The material developed by Anthamatten and graduate student
Yuan Meng is a type of shape-memory polymer, which can be programmed to retain
a temporary shape until it is triggered—typically by heat—to return to its
original shape.
The findings are
being published this week in the Journal of Polymer Science Part B: Polymer
Physics.
“Tuning the trigger temperature is only one part of the
story,” said Anthamatten. “We also engineered these materials to store large
amount of elastic energy, enabling them to perform more mechanical work during
their shape recovery”
The key to developing the new polymer was figuring out how
to control crystallization that occurs when the material is cooled or
stretched. As the material is deformed, polymer chains are locally stretched,
and small segments of the polymer align in the same direction in small areas—or
domains—called crystallites, which fix the material into a temporarily deformed
shape. As the number of crystallites grows, the polymer shape becomes more and
more stable, making it increasingly difficult for the material to revert back
to its initial—or “permanent”—shape.
“Our shape-memory
polymer is like a rubber band that can lock itself into a new shape when
stretched,” said
Anthamatten. “But a simple touch causes it to recoil back to
its original shape.”
The ability to tune the trigger temperature was achieved by
including molecular linkers to connect the individual polymer strands.
Anthamatten’s group discovered that linkers inhibit—but don’t stop—crystallization
when the material is stretched.
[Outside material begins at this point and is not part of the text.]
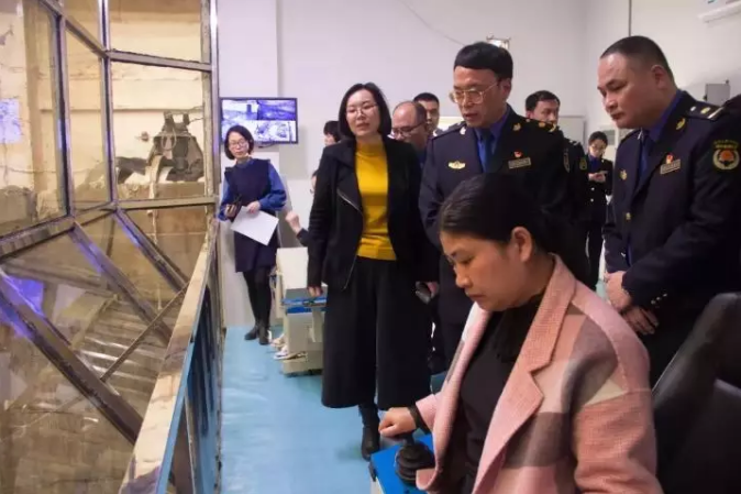 吴局长一行在垃圾吊操作室

By altering the number and types of linkers
used, as well as how they’re distributed throughout the polymer network, the
Rochester researchers were able to adjust the material’s stability and
precisely set the melting point at which the shape change is triggered.
Heating the new polymer to temperatures near 35 °C, just
below the body temperature causes the crystallites to break apart and the
material to revert to its permanent shape.